Bulbophyllum jolandae

 リップに細毛がある代表的なバルボフィラムとしてボルネオ島生息種のBulb. jolandaeが知られています。1,500mの生息域のため中温栽培です。ネットで栽培風景を見るとその多くはポット植えです。本種をポットに植えると花茎は上方に延びやがて弓なりに下垂しはじめ、ここに10-15輪の花を付けます。しかし株によってはこの花茎の伸長方向がまちまちで、鉢の周りに他の株があるとそれらと交差したりぶつかったりして良い景色にはなりません。

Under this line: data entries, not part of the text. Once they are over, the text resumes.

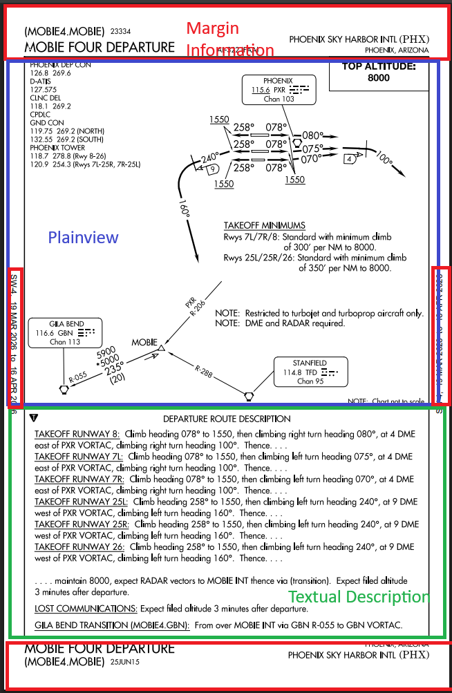 A SID is separated into three sections, the margin, plainview, and textual. Each section will give important information from the SID. We will go deep dive into each section and explain what each symbol and text means.
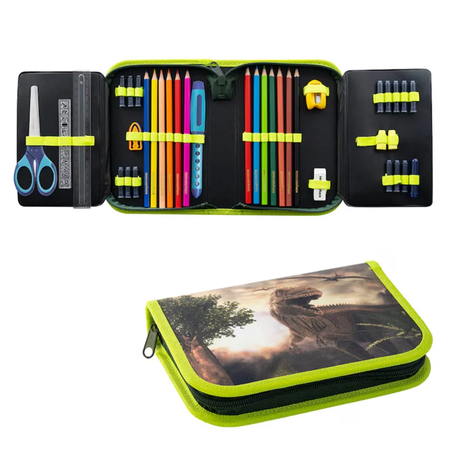 Mit dem 42-teiligen Federmäppchen befüllt Dino von EBERHARD FABER sind Ihre Kinder bestens für den Schulstart ausgestattet. Das hochwertige Federmäppchen mit dekorativem Tier-Motiv besteht aus Polyester und verfügt über 2 Fächer, 2 Innenklappen und jede Menge Schreibutensilien. Der stabile Reißverschluss sorgt dafür, dass Stifte und Co. sicher verstaut sind.
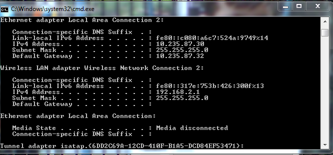 Begitu status koneksi menjadi ‘Connected’ berarti laptop saya sekarang sudah terhubung dengan jaringan mini hotspot dengan nama ‘7G-Winpad-Spot’. Untuk membuktikannya, coba kita lihat IP address laptop saya ini. Dari Start Menu pilih ‘run’ dan ketik ‘cmd’. Begitu window command prompt muncul ketik ‘ipconfig’, dan akan muncul IP yang di-assign ke laptop
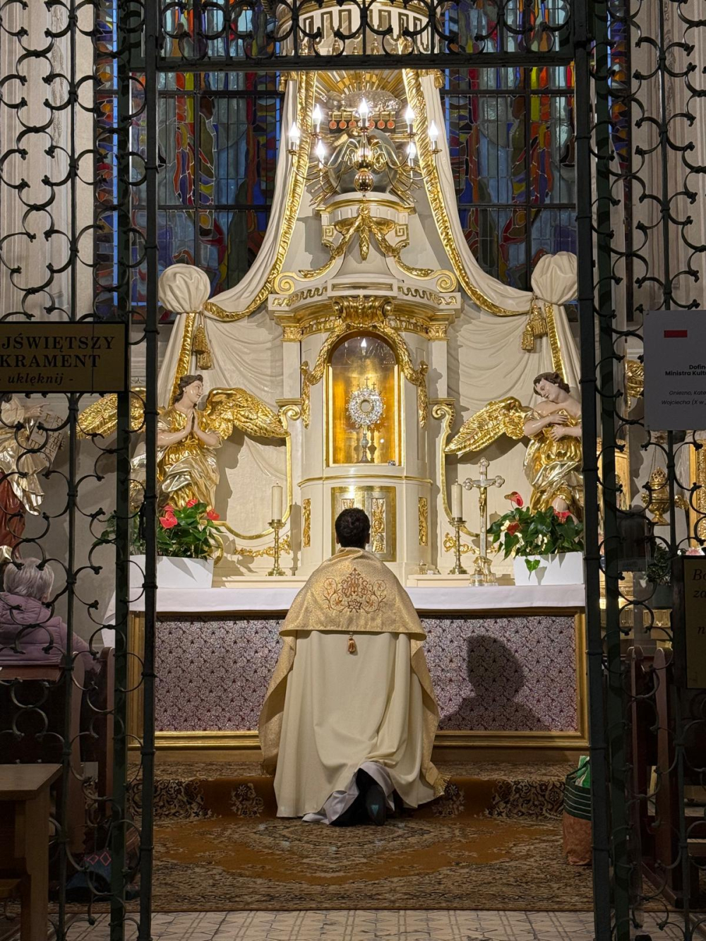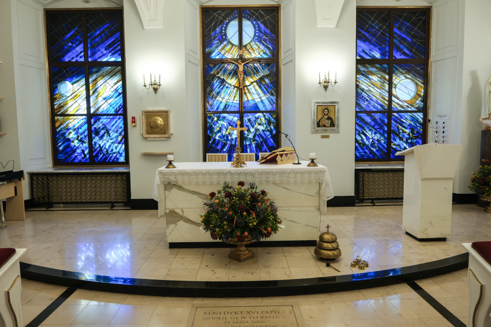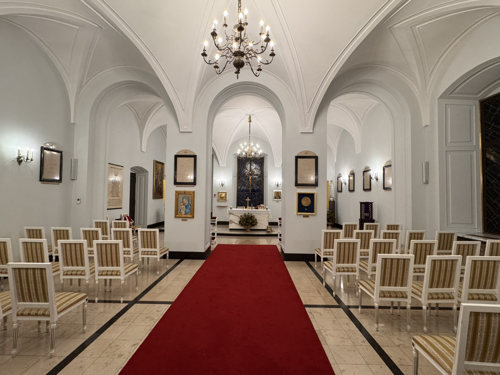 * Wreszcie trzecim miejscem, gdzie tego dnia modliliśmy się za Ojczyznę, ale także o beatyfikację Czzcigodnego Sługi Bożego, był pałac prezydenta RP, a dokładnie kaplica tegoż pałacu. W modlitwie tej - dzięki życzliwości ks. Jarosława Wąsowicza SDB, kapelana prezydenta RP - uczestniczył ks. Paweł Jasina SChr, wikariusz generalny i ks. Bogusław Kozioł SChr, rektor WSD TChr i postulator.

 自然の姿勢に倣いヘゴ板やコルクなど垂直板や棒に取り付ければ花茎はやや上向きで板面の前方に伸長しやがて弓なりに下垂しはじめ、この下垂した位置から花茎の軸に対し左右および前方の3方向に美しく整列して(下写真2)花を付けます。こうした性質から景色としては板取り付けが最も良く、これまで杉皮板とポットのそれぞれに植え付けていましたが今回の植え替えで全て(約20株)を炭化コルク(写真3)に植え替えました。ちなみにマーケット情報を調べたところ、本種はなぜかバルボフィラムとしてはかなり高額で、3葉(バルブ)NBSサイズが10,000円以上で販売されているのには驚きました。当サイトではBSサイズで3,000円ですので4株買えます。1月のサンシャイン、2月の東京ドームにもこの価格でよく売れましたが5月のサンシャインに5株程持って行くことにしました。